# Nice Plessey chips



## JensJ (Mar 3, 2018)

Found these Plessey chips on some older GPS receiver modules. I carefully tried to desolder them but unfortunetely the cement holding the pins disintegrated. So instead i got the opportunity to take a peek at the inside. The chip is is really amazing and look at these thick bonding wires, I think they can be turned into a nice little baby


----------



## glorycloud (Mar 3, 2018)

Nice camera work on the die. 8)


----------



## goldsilverpro (Mar 3, 2018)

A troy oz of the thickest gold bonding wire I've ever heard of, .001", would be about 2 miles, or 3.3 km long


----------



## Topher_osAUrus (Mar 3, 2018)

goldsilverpro said:


> A troy oz of the thickest gold bonding wire I've ever heard of, .001", would be about 2 miles, or 3.3 km long



He did say "a nice little baby". :lol: 

We will still be able to see it nice and clear though, from his expertise in the macro photography department.


----------



## goldsilverpro (Mar 4, 2018)

That wire sure is dark.

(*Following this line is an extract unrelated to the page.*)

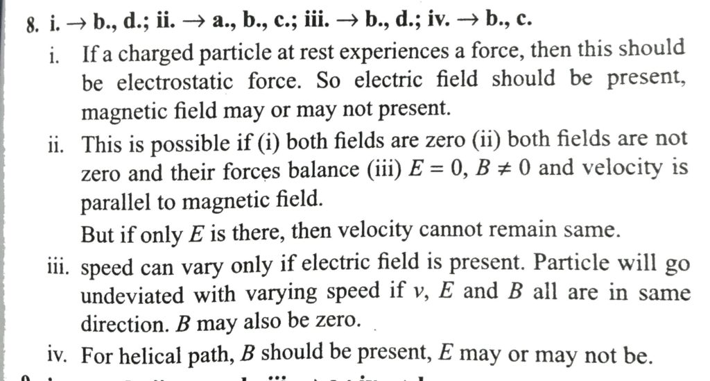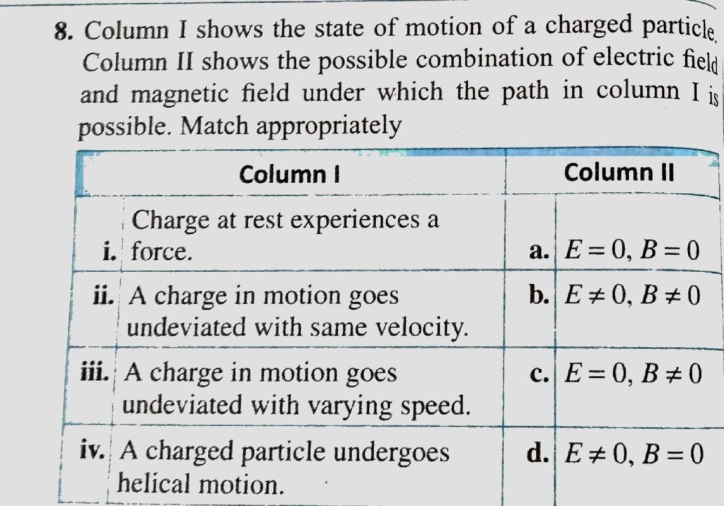Column I shows the state of motion of a charge particle. ColumnII shows the possible combintaion of electric field and magnetic field under which the path in column I is possible . Match appropriately. A charged particle passes through a region that could have electric field only or magnetic field only or both electric and magnetic fields or none of the fields. Match Column I with Column II October 16, 2020 Category: Uncategorised (JEE Advanced Physics by BM Sharma + GMP Solutions) , Facebook Messenger WhatsApp Share this:TwitterFacebook Related

It looks like copper. I know they make copper bonding wire but I've never seen any on parts.


----------



## macfixer01 (Mar 5, 2018)

JensJ said:


> Found these Plessey chips on some older GPS receiver modules. I carefully tried to desolder them but unfortunetely the cement holding the pins disintegrated. So instead i got the opportunity to take a peek at the inside. The chip is is really amazing and look at these thick bonding wires, I think they can be turned into a nice little baby




What made you think they were from Plessey? Those chips have Rockwell logos on them.

Macfixer01


----------



## rickbb (Mar 5, 2018)

I thought Plessy was the bar code the Post Office uses. (Sorry, the old printer coming out.)


----------



## macfixer01 (Mar 6, 2018)

Rockwell made several chip types that have an internal gold plated trace circuit board similar to the one in the picture, even in plastic packages. I have a bunch of their PLCC 56k modem chips I’m hoping to process some day.

Macfixer01


----------